Canola meal contains 13.1% crude fiber, 23.4% NDF and 19.1% ADF
(Bell and Keith 1991 {972}). Another study by Khorasani et al.
(1994 {858}) reported that CM contained 30.3% NDF, 20.9% ADF,
8.3% acid detergent lignin (ADL) and 12.6% cellulose. Fiber values
for CM are higher than soybean and solvent extracted linseed meal.
The NDF, ADF, and ADL values for soybean and linseed meal were
8.5, 4.6, and 0.2% and 25.9, 14.6 and 5.8%, respectively (Khorasani
et al. 1994 {858}).
As previously mentioned, the relatively low energy
value of CM is associated with the high fiber levels and is considered
the limiting factor in CM usage (Bell 1993 {1232}). However,
fiber digestion is less of a problem for ruminants than monogastrics
and the available energy from CM is usually higher for ruminants.
Gross energy (GE) of CM averages 4.4 0.2 Mcal/kg (Bell and Keith
1991 {972}) or ranges from 13.39 to 17.57 MJ/kg DM (Bell 1984
{1232}; NRC 1989; Zinn {884}). Zinn (1993 {884}) reported a DE
of 4.12 Mcal/kg for CM and 4.57 Mcal/kg for SBM. Variation in
GE content of CM is due to differences in lipid, protein and fiber
contents (Bell 1984 {1232}).
Canola meal quality has increased with the development
of low GL varieties (Bell 1993 {907}). The GL content is much
lower in CM than RSM, 30 vs. 90 to 140 mol/g (Fiems et al. 1985
{1193}; Lardy and Kerley 1994 {851}) and is no longer the main
limiting factor in CM usage. Canola meal contains less GL than
whole canola seed (WCS) due to the thermal degradation during
processing. Bell and Keith (1991 {972}) reported a wide variation
in GL destruction, 15 to 77% among different crushing plants resulting
in GL values of 6.8 to 33.7 mol/g. Cattle have a higher tolerance
to GL products in comparison to monogastric animals (Subuh et
al. 1995 {843}). Heifers fed 300g/kg of HG (60.7 mmol/g) or LG
(29.0 mmol/g) RSM reported that the rumen was the principal site
of GL breakdown and that the liver was mildly damaged by hydrolyzed
products, mainly isothiocyanates (SCN). Glucosinolates are broken
down into SCN, thiocyanates and nitriles (VanEtten and Tookey
1983 as cited by Lardy and Kerley 1994 {851}). When GL are hydrolyzed
the thiocyanate ion is released, this prevents iodination and
activation of thyroid hormones leading to hypothyroidism (Guyton
1986 as cited by Lardy and Kerley 1994 {851}; Bell 1984 {1232}).

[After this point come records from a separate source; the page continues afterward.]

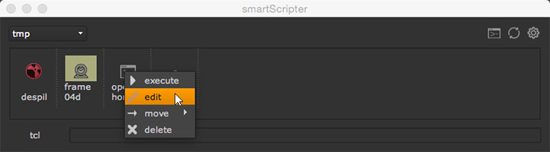 nodes: Nuke node snippet. smartScripter will detect node snippets automatically once you paste them into the command field.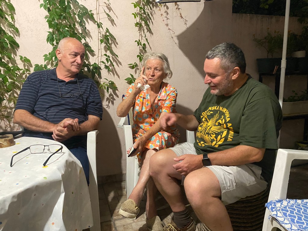 When we’d returned from Serbia the afternoon beforehand, we had a leisurely outdoor dinner with V’s visiting brother and three of his six kids. I was then able to capture some photos and video of one of my favorite moments of the trip: V with his mom and brother singing old Yugoslav folk songs on their mom’s front patio.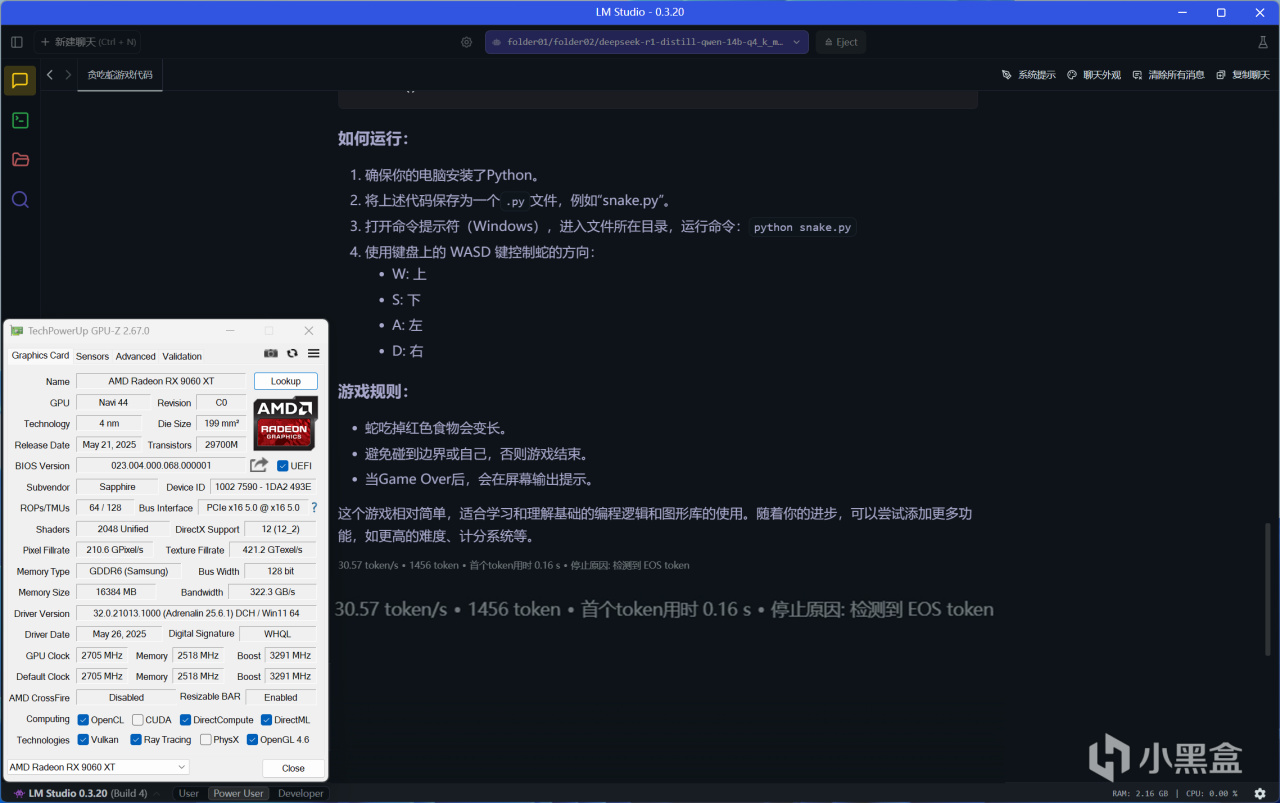 RX 9060 XT 16GB使用Vulkan模式運行DeepSeek R1 Distill Qwen 14B大模型(GPU卸載MAX),推理速度達到30.57 token/s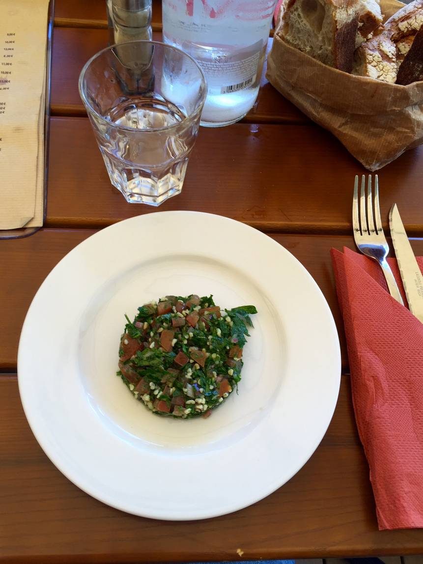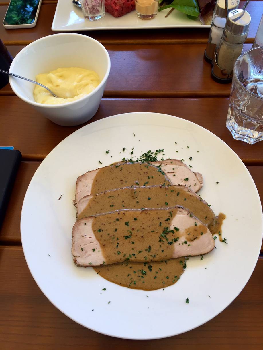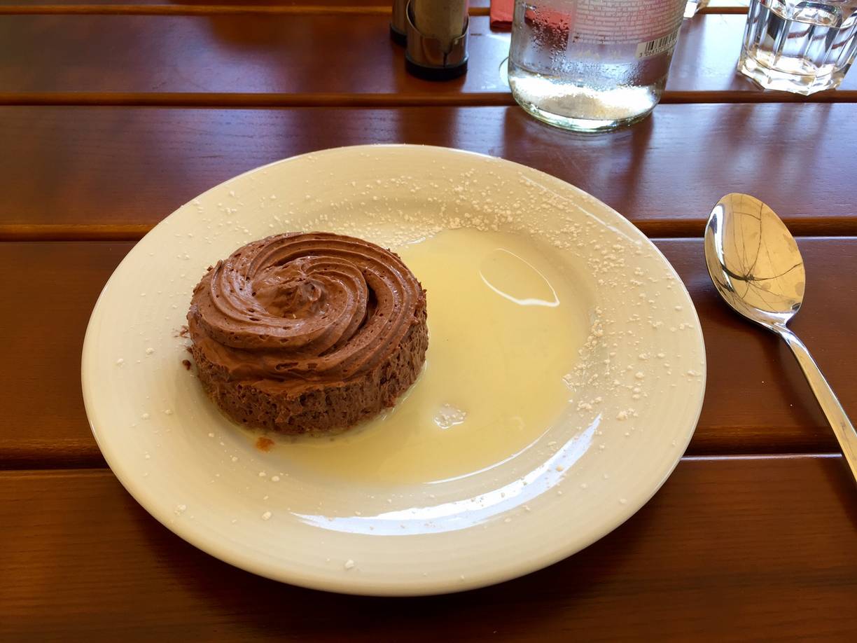Au niveau du repas, je suis parti sur la formule entrée plat dessert pour 13,50 € : Taboulé libanais, Noix de jambon de cochon rôtie, sauce moutarde à l’ancienne et pommes purée pour finir avec une mousse au chocolat noir. C’était copieux, de qualité, la purée top et le dessert bien réalisé et pas trop lourd : rien à redire.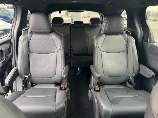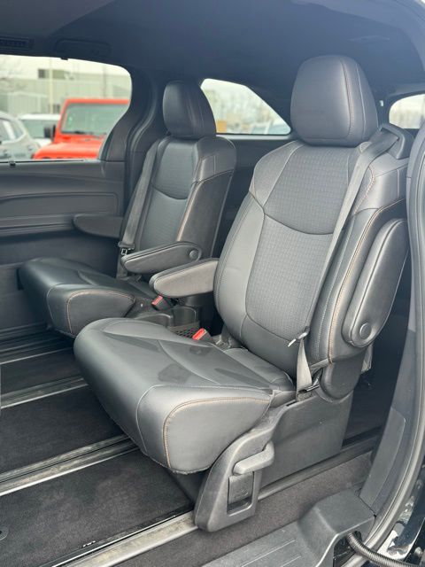 *3rd Row*, Sienna XSE 7 Passenger, Midnight Black Metallic, 18" Metallic Alloy Wheels, 3rd row seats: split-bench, 4-Wheel Disc Brakes, 8 Speakers, ABS brakes, Air Conditioning, AM/FM radio: SiriusXM, Apple CarPlay/Android Auto, Auto High-beam Headlights, Auto-dimming Rear-View mirror, Automatic temperature control, Brake assist, Bumpers: body-color, Compass, Delay-off headlights, Door auto-latch, Driver door bin, Driver vanity mirror, Driver's Seat Mounted Armrest, Dual front impact airbags, Dual front side impact airbags, Electronic Stability Control, Emergency communication system: Safety Connect with 3-year trial, Exterior Parking Camera Rear, Four wheel independent suspension, Front anti-roll bar, Front Bucket Seats, Front dual zone A/C, Front fog lights, Front Heated Bucket Seats, Front reading lights, Fully automatic headlights, Garage door transmitter: HomeLink, Heated door mirrors, Heated front seats, Illuminated entry, Knee airbag, Lane Departure Warning System, Leather Shift Knob, Leather steering wheel, Low tire pressure warning, Navigation System, Occupant sensing airbag, Outside temperature display, Overhead airbag, Overhead console, Passenger seat mounted armrest, Passenger vanity mirror, Power driver seat, Power Liftgate, Power moonroof, Power passenger seat, Power steering, Power windows, Radio data system, Radio: JBL Audio w/Navigation, Radio: Premium Audio w/Navigation, Rear air conditioning, Rear anti-roll bar, Rear dual zone A/C, Rear reading lights, Rear side impact airbag, Rear window defroster, Rear window wiper, Reclining 3rd row seat, Remote keyless entry, SofTex Seat Trim, Speed-sensing steering, Split folding rear seat, Steering wheel mounted audio controls, Tachometer, Telescoping steering wheel, Tilt steering wheel, Traction control, Trip computer, Variably intermittent wipers, Wireless Charger, XSE Plus Package.

Thyroid activity of fast growing, young calves may be affected
by smaller amounts of goitrogenic chemicals than adult cattle
(Claypool et al 1985 {1181}). Glucosinolates have a pungent flavor
(Fenwick et al. 1983 as cited by Lardy and Kerley 1994 {851})
and reduce palatability (Hill 1991 {996}). Some studies confirm
an increase in calf feed intake (FI) with the use of low GL varieties
(Stedman and Hill 1987 {1139}; Mawson et al. 1993 {922}).

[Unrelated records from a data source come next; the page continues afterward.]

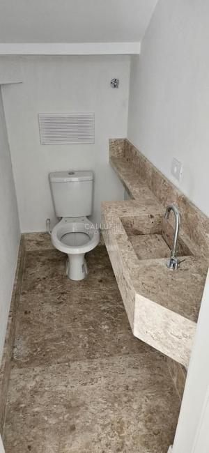 - 04 banheiros, sendo 01 lavabo com pia em mármore travertino no piso inferior e 03 banheiros com tampo em granito nos pisos supeirores.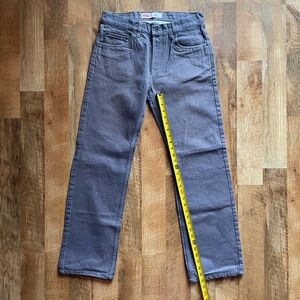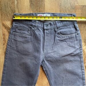 These Levi's jeans feature a classic straight-leg design that offers a consistent width from thigh to ankle. The medium weight denim has a subtle texture and is complemented by contrast stitching along the seams.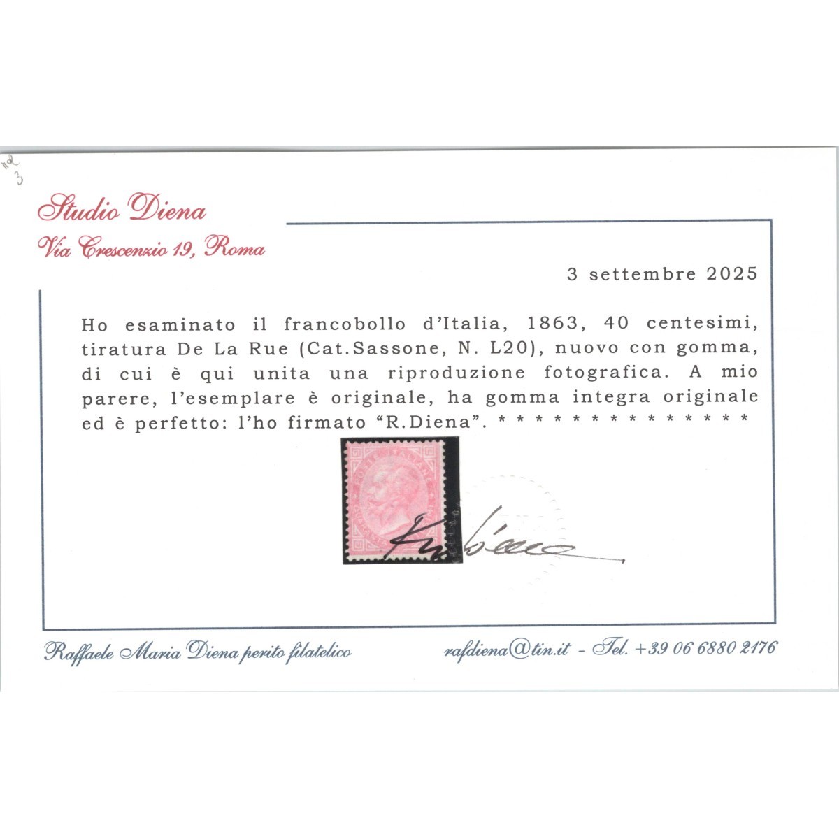 REGNO D'ITALIA 1863 15 CENTESIMI MATRAIRE GOMMA...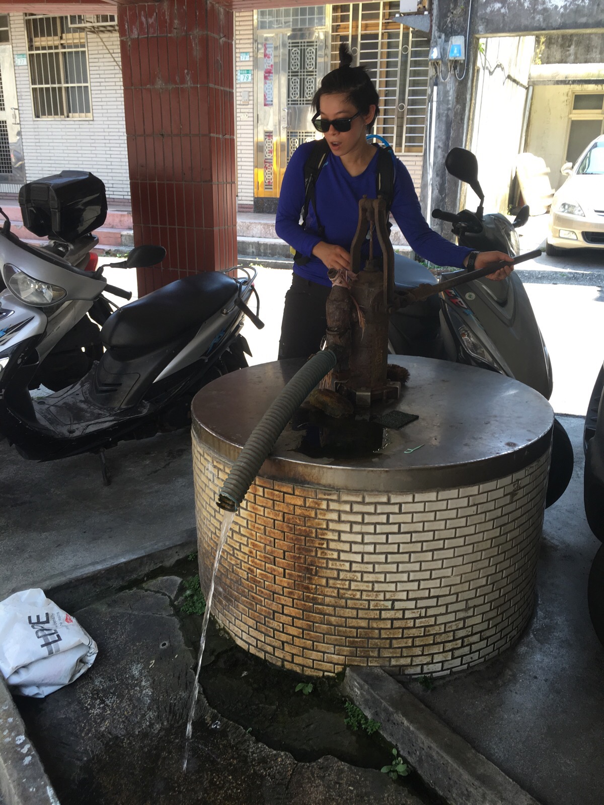 Walking along the road, we came across not just one, but two functional pumps. Teresa was rather excited to give one a go.

Processes that Reduce the Glucosinolate Content
Many methods have been used to reduce GL content
of increasing RSM value (Stedman and Hill 1987 {1139}; Lardy and
Kerley 1994 {851}; Fenwick et al. 1986 as cited by Rhee 1993 {887}).
These include heat + ammonia, steam, steam + ammonia, calcium
hydroxide + ammonia and ammonia + extrusion. Most of these processes
significantly reduced the GL content of RSM. Extrusion reduced
the GL content by 75% (from 118 to 28 mol/g), but only steam alone
reported a significant increase in FI in calves (Stedman and Hill
1987 {1139}; Lardy and Kerley 1994 {851}; Liang et al. 1993 {906}).

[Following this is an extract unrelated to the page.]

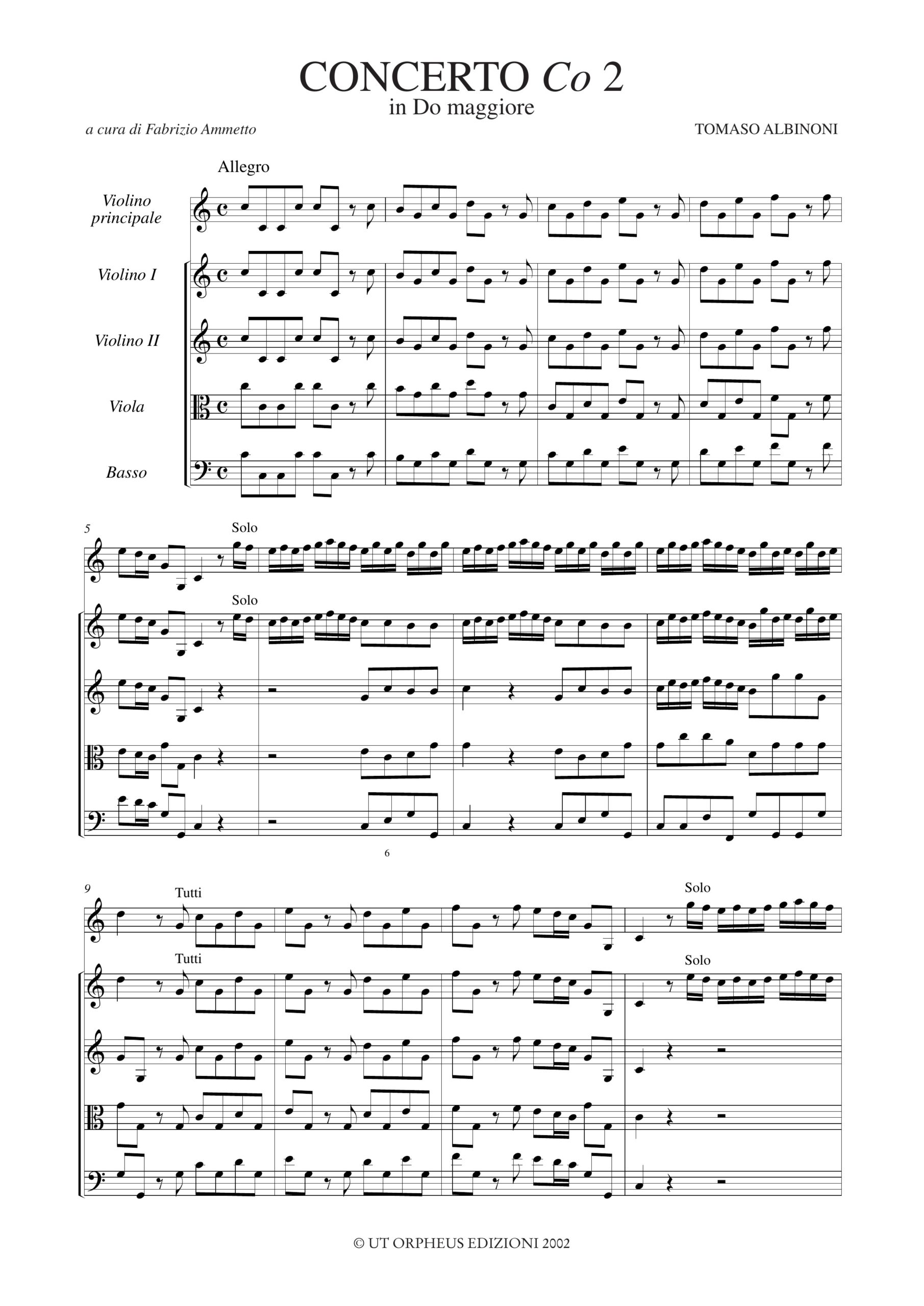 Albinoni, Tomaso: Concerti per Violino senza numero d’opus per Violino principale, 2 Violini, Viola e Basso – Vol. II: Concerto in Do maggiore, Co 2 (incluse le varianti Co 2a e Co 2b) [Partitura]

Palatability was not increased (except with steam alone) with
the reduction in GL. The lack of response was attributed to the
remaining GL or their degradation products, nitriles, thiocyanates
and isothiocyanates (Lardy and Kerley 1994 {851}). Slominski
and Campell (1987 as cited by Stedman and Hill 1987 {1139}) demonstrated
that there is little decomposition of GL with a dry heat (100
C), but decomposition occurs with a moist heat. Moist heat treatment
at 127 C for 15 min reduced total GL concentration from 19.07
to 0.78 mol/g DM. Moist heat treatment decreased total and individual
GL content increasing grass silage intake in Finnish Ayrshire
bulls (Aronen and Vanhatalo 1992 {948}). The decrease was due
to the thermal decomposition of the GL.